FILE PHOTO: A man wearing protective face mask, following an outbreak of the coronavirus disease (COVID-19), walks in front of a stock quotation board outside a brokerage in Tokyo, Japan, March 10, 2020. REUTERS/Stoyan Nenov

Dutch Prime Minister Mark Rutte said EU leaders were making progress but warned discussions could still fall apart, while summit chairman Charles Michel urged them to make one last push on “mission impossible”.

European markets were set to open higher with pan-region EuroSTOXX 50 futures, German DAX futures, and FTSE futures all trading up 0.2%, reversing earlier losses during Asia trade.

In the United States, E-mini futures for the S&P 500 were down 0.5%.

“The commitment by EU leaders in extending talks, and reports of further talks if no agreement is reached today, shows the desire to have the recovery fund in some form,” said NAB analyst Tapas Strickland.

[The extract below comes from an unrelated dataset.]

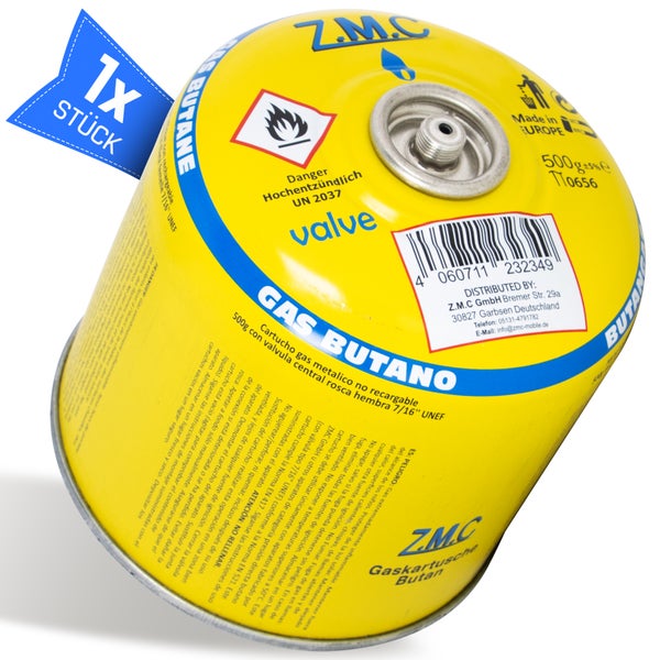 Z.M.C 1X Gaskartuschen 500g, Propan/Butan Gas 990ml, Gaskartusche EN417, Eurogewinde Schraubgewinde Anschluss, Schraubkartusche für Unkrautbrenner, Universal Druckgasdose mit Schraubventil

However, it was likely to be “a very long and winding road” before a deal is reached, he added.

EU leaders are at odds over how to carve up a vast recovery fund designed to help haul Europe out of its deepest recession since World War Two, and what strings to attach for countries it would benefit.

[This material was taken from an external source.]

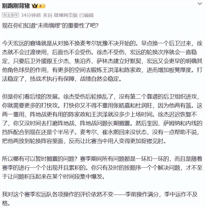 別跑剛背豬則把矛頭指向了麥考爾:今天宏遠(yuǎn)的窘境就是從對換不換麥考爾猶豫不決開始的。早點(diǎn)換一個后衛(wèi)過來,徐杰就不會過度使用,后面也不會受傷。徐杰不受傷,宏遠(yuǎn)的輪換次序就會一直穩(wěn)定,只要后衛(wèi)外援跟王少杰、焦泊喬、薩林杰建立好默契,宏遠(yuǎn)又會更早的明確其他角色球員的作用,有更多的空間去鍛煉王洪澤和陳家政,進(jìn)而增加板凳厚度。打法穩(wěn)定了,技戰(zhàn)術(shù)執(zhí)行有保障,戰(zhàn)績自然會穩(wěn)定。

Diplomats said it was possible that they would abandon the summit and try again for an agreement next month.

The euro rose above $1.1452 to its highest levels since March.

“This is what we’re so used to from Europe … it was always going to be a very controversial programme where they needed to be seen defending the interests of the individual sovereigns. Ultimately there will be a deal and the market knows that,” said Chris Weston, head of research at Pepperstone in Melbourne.

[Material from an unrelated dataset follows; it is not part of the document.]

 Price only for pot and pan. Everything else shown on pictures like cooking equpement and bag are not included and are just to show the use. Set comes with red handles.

In Asia, MSCI’s broadest index of Asia-Pacific shares outside Japan rose 0.3%, reversing loses earlier in the day, with Chinese markets rising more than 2%.

China stocks jumped 2.5%, led by financial firms, after regulators moved to bolster the market by lifting the equity investment cap for insurers and encouraging mergers and acquisitions among brokerages and mutual fund houses.

Australia’s S&P/ASX 200 index dropped 0.5% after authorities warned that a surge in COVID-19 cases in the country’s second most populous state could take weeks to tame.

More than 14 million people have been infected by the novel coronavirus globally and nearly 602,000 have died, according to a Reuters tally.

South Korea’s KOSPI pared gains to fall 0.1%, while Japan’s Nikkei was also down 0.1% after data showed the country’s exports suffered a double-digit decline for the fourth month in a row in June.

In the United States, Congress is set to begin debating a new aid package this week, as several states in the country’s South and West implement fresh lockdown measures to curb the virus.

The virus has claimed over 140,000 U.S. lives since the pandemic started, and Florida, California, Texas and other southern and western states shatter records for new cases every day.

In currencies, the dollar climbed 0.3% against the Japanese yen to 107.28. Sterling fell to $1.2520. The risk-sensitive Australian dollar was down 0.1% at $0.6989.

In commodities, spot gold eased a tad to $1,807.6 an ounce to hover near a nine-year top.

Oil prices fell, unnerved by the prospect that a recovery in fuel demand could be derailed by rising the COVID-19 cases. U.S. crude and Brent were both down 25 cents to $40.34 per barrel and $42.89 per barrel, respectively. [O/R]

Prices for copper, a barometer of economic growth, fell on Monday after data showed rising inventories in Chinese warehouses and on concern the climbing coronavirus cases threaten a sustainable global recovery.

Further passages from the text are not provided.